---------- Records supplied

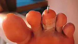Hammerzehen nach der operativen Korrektur; deutlich sind die verkürzten dritten Glieder der drei inneren Zehen erkennbar (Operation nach Hohmann). Bei dieser OP wurde auch der Hallux valgus korrigiert. -
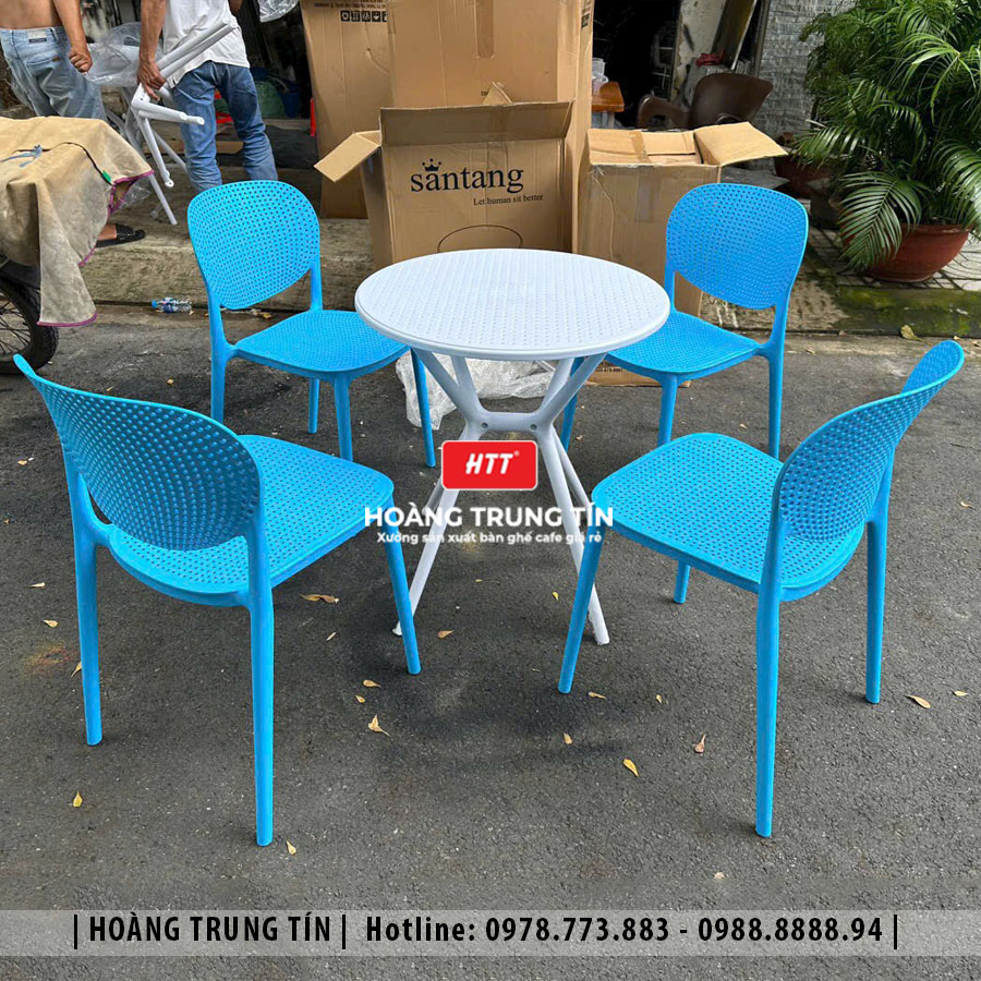 Bàn ghế cafe nhựa đúc nguyên khối HTT13
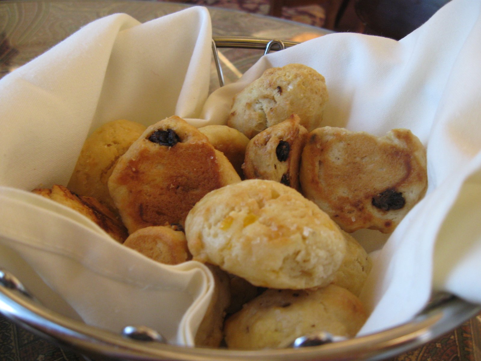 When seated, we were given a large basket of buttery and flaky scones, each about the diameter of an old silver dollar, all rich and flavorful:
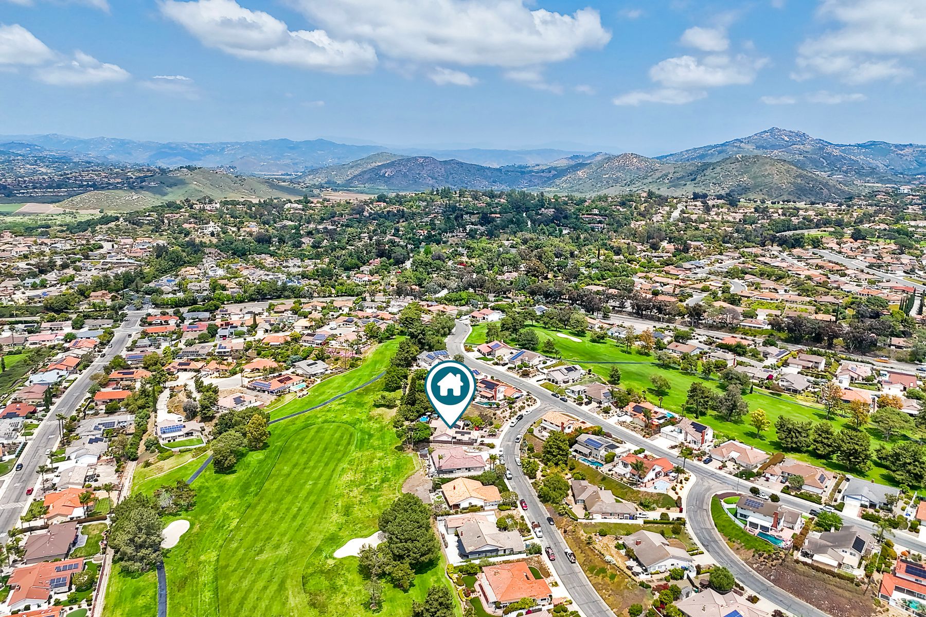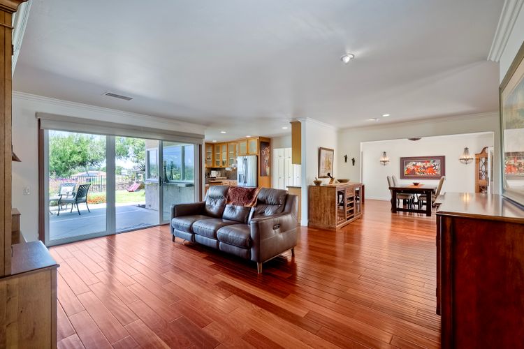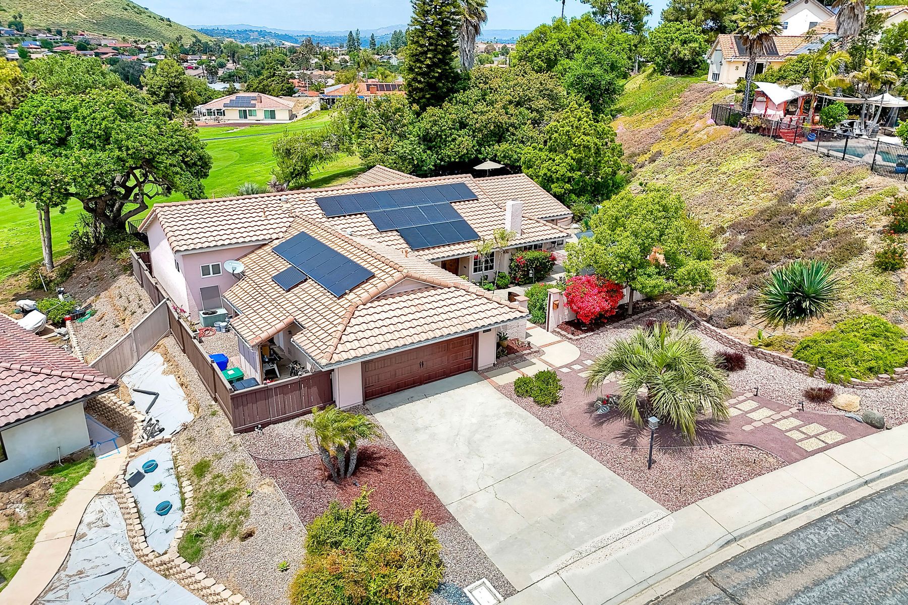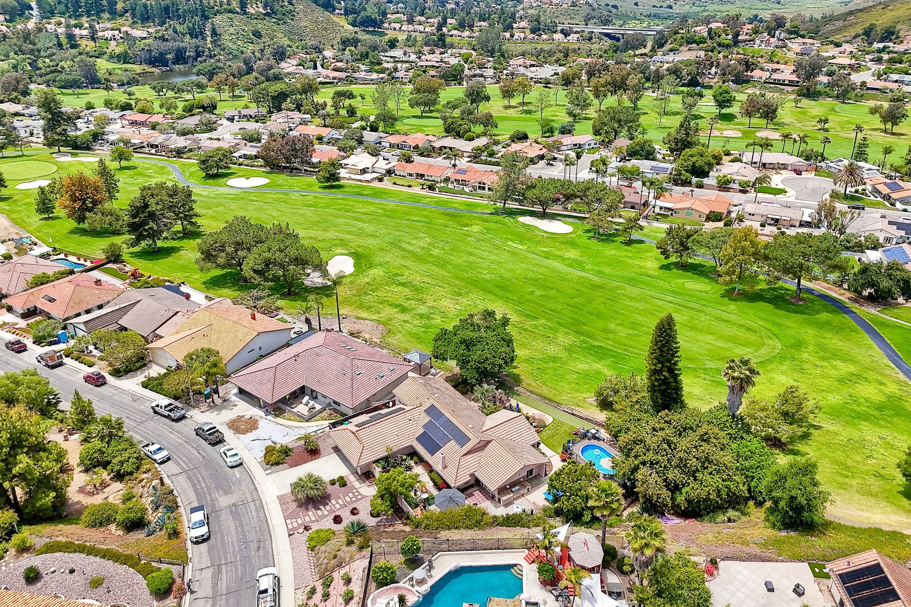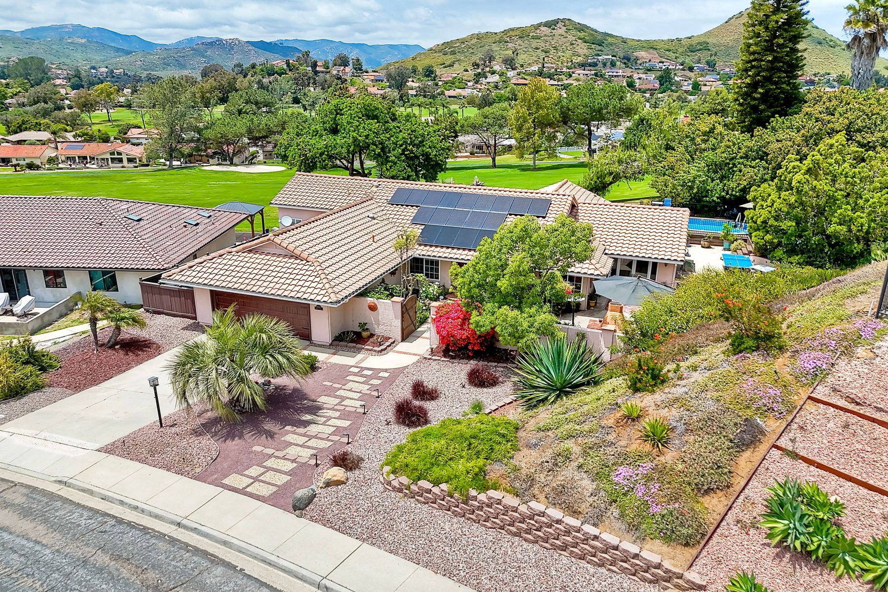 This spectacular 15th Fairway home sits on an elevated .41-acre lot with awesome views! Gorgeous 4-bedroom home w/Brazilian wood flooring throughout. Enter through knotty alder wood double doors, into open living room, dining room and family room. The kitchen overlooks the lush landscaping & golf course views. The front patio has a wood burning or gas logs fireplace, water fountain, custom kitchen BBQ area plus 2 additional patios including a saltwater pool with custom built Timber Tech Composite decking & separate spa! Newly painted throughout the interior, knotty alder wood interior doors, old world texturing on ceilings and walls & separate laundry room. The primary bedroom enjoys a customized oversized shower & large, picturesque view window overlooking the course & distant mountains. Seller owned solar system. Mature drought resistant landscaping and Electrostatic whole house air cleaner. Located in the Highly Rated Poway Unified School District. No Monthly HOA & No Mello Roos.
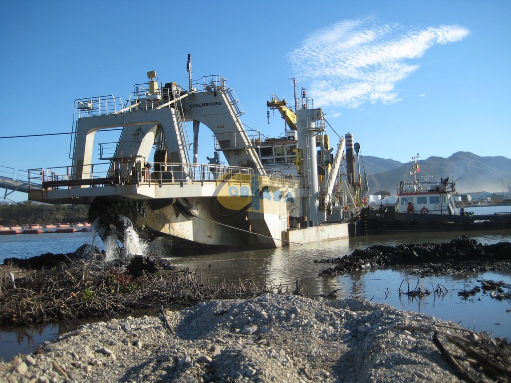 Para estos trabajos se utilizaron 2 dragas estacionarias con cortador de 700mm y una draga autopropulsada de tolva de 800mm y 6,500m3 de capacidad, para el procedimiento constructivo las dragas de cortador por la existencia de 2 puentes sobre el canal de navegación fue necesario trasportarlas por tierra desde la bocana hasta la laguna una distancia aprox.
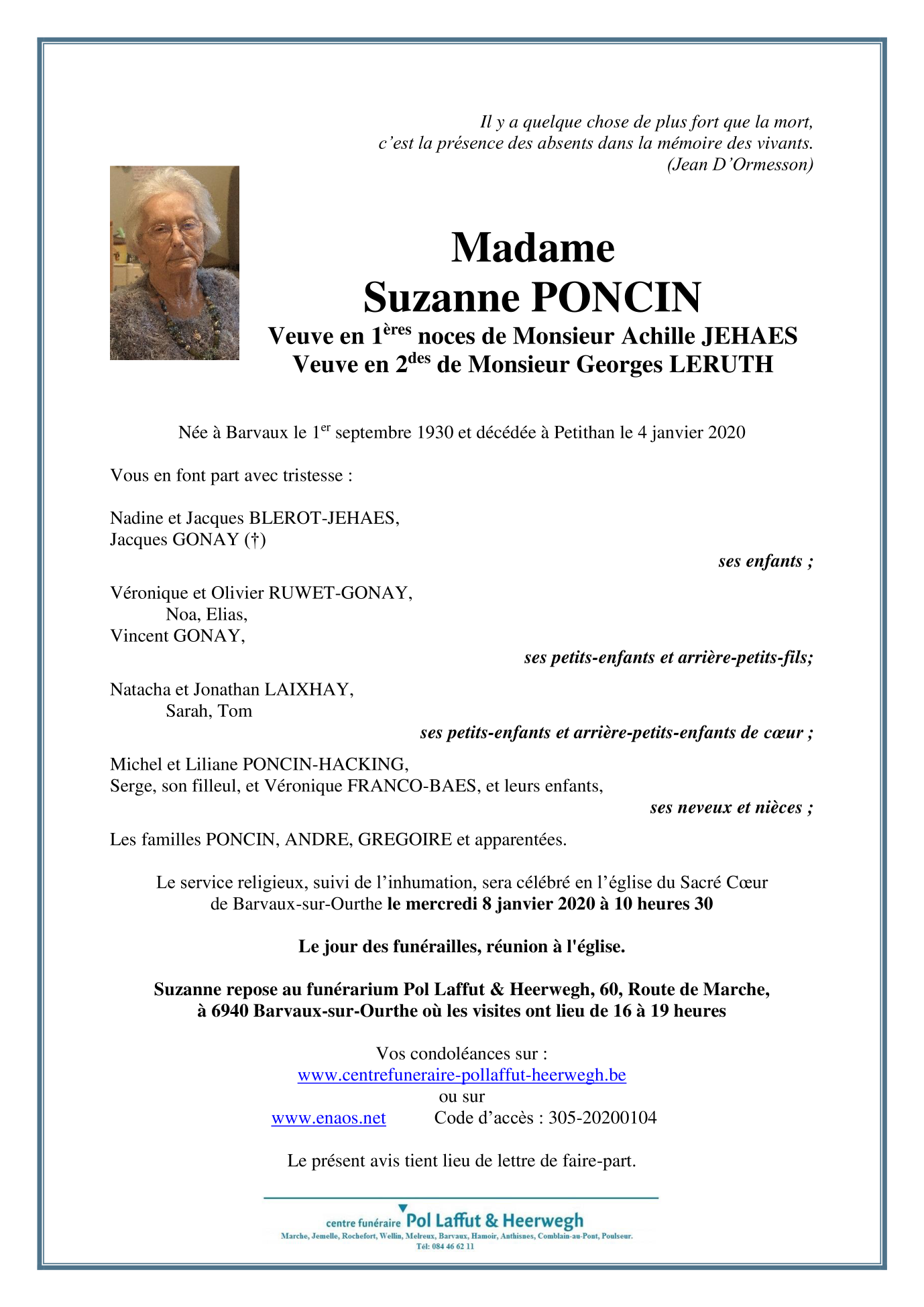 Décédée à Petit-Han (6940) le samedi 4 janvier 2020 à l'âge de 89 ans

--------------------

Action item: With the pictures omitted, copy exactly the lines of the listing above starting at the line containing "Bàn ghế cafe nhựa đúc nguyên khối HTT13" and ending at the line containing "When seated, we", both included.

Response to this exercise:
 Bàn ghế cafe nhựa đúc nguyên khối HTT13
 When seated, we were given a large basket of buttery and flaky scones, each about the diameter of an old silver dollar, all rich and flavorful:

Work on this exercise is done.